### [Problem statement]
The output has to be the full set of records, reproduced exactly, minus any picture.

(Stored items from a collection)
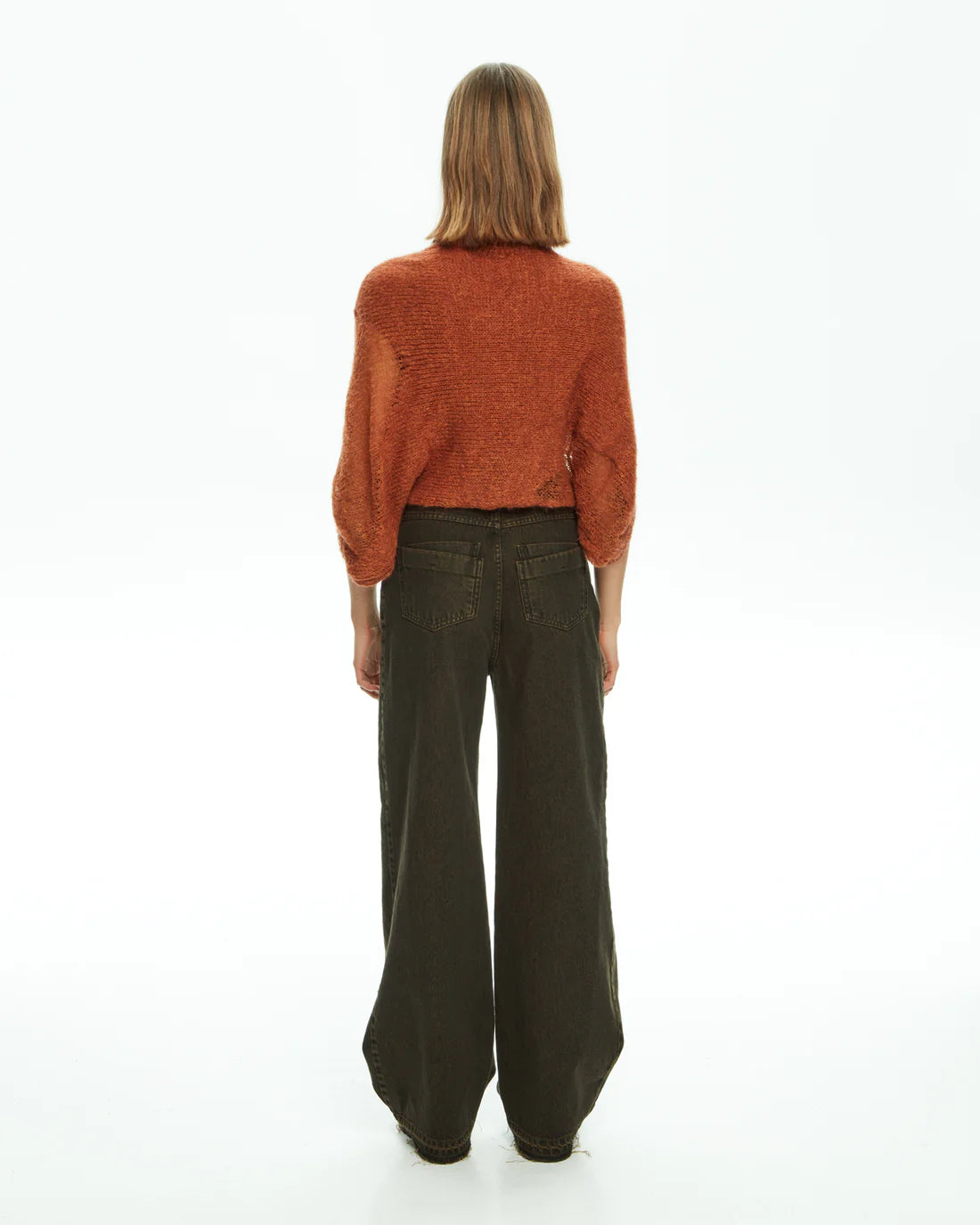 Maglia in misto mohair con maniche a tre quarti che cadono morbide. Tessuto in rete larga e stretta in finezza 7. Leggermente più corta sul davanti. Vestibilità morbida.
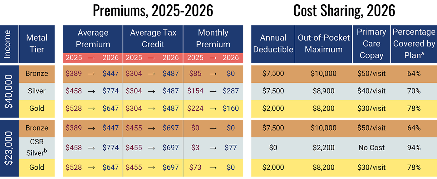 b Silver CSR plans cover 94%, 87%, or 73% of healthcare expenses for individuals with incomes of 138%-150%, 151%-200%, or 201%-250% of the federal poverty level, respectively. An annual income of $23,000 is 144% of the 2026 federal poverty level and so qualifies for a CSR plan that covers 94% of expenses. An annual income of $40,000 is 251% of the 2026 federal poverty level and so does not qualify for a CSR plan.
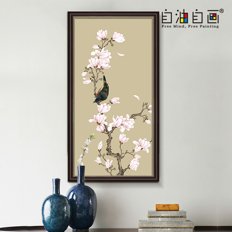 Self-Oil Self-painting Xuanguan into the household digital oil painting China's wind hand painted color painting drawing room oil color decoration magpie lovers
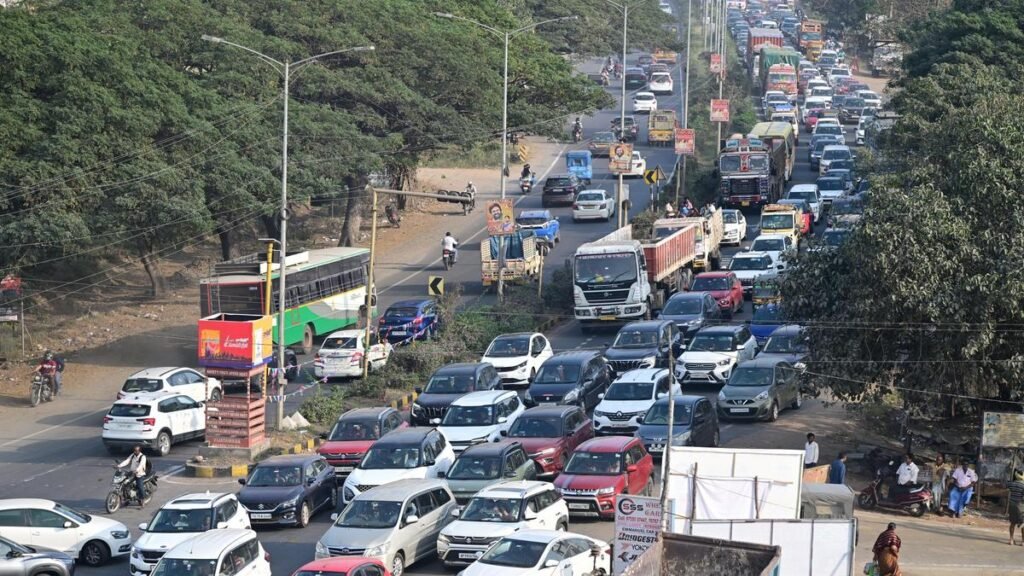 Long queues of cars, buses and other vehicles due to heavy traffic on Vijayawada-Hyderabad State Highway in Ibrahimpatnam and nearby stretches on Saturday. | Photo credit: GN RAO
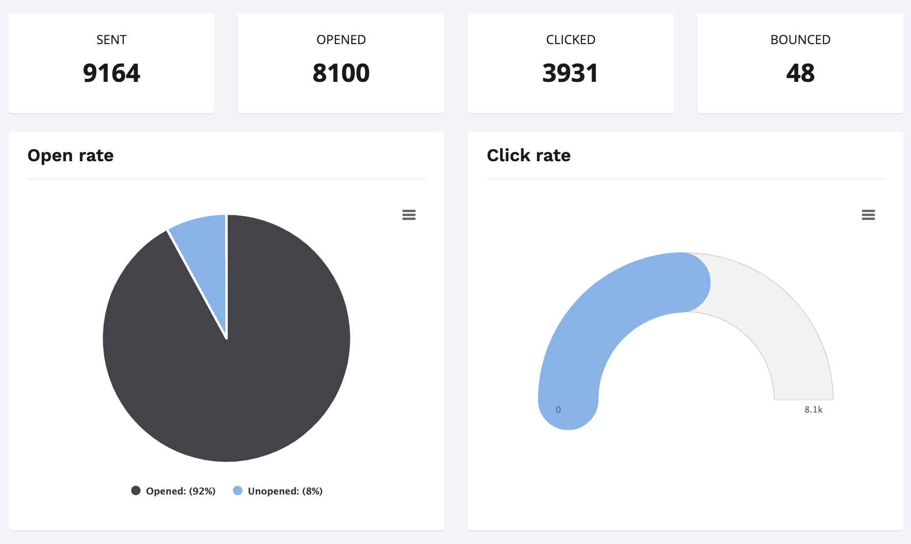 - Clicked: The recipient has clicked on any of the links, merge tags, or calls to action within your email campaign

### [Exercise output]
 Maglia in misto mohair con maniche a tre quarti che cadono morbide. Tessuto in rete larga e stretta in finezza 7. Leggermente più corta sul davanti. Vestibilità morbida.
 b Silver CSR plans cover 94%, 87%, or 73% of healthcare expenses for individuals with incomes of 138%-150%, 151%-200%, or 201%-250% of the federal poverty level, respectively. An annual income of $23,000 is 144% of the 2026 federal poverty level and so qualifies for a CSR plan that covers 94% of expenses. An annual income of $40,000 is 251% of the 2026 federal poverty level and so does not qualify for a CSR plan.
 Self-Oil Self-painting Xuanguan into the household digital oil painting China's wind hand painted color painting drawing room oil color decoration magpie lovers
 Long queues of cars, buses and other vehicles due to heavy traffic on Vijayawada-Hyderabad State Highway in Ibrahimpatnam and nearby stretches on Saturday. | Photo credit: GN RAO
 - Clicked: The recipient has clicked on any of the links, merge tags, or calls to action within your email campaign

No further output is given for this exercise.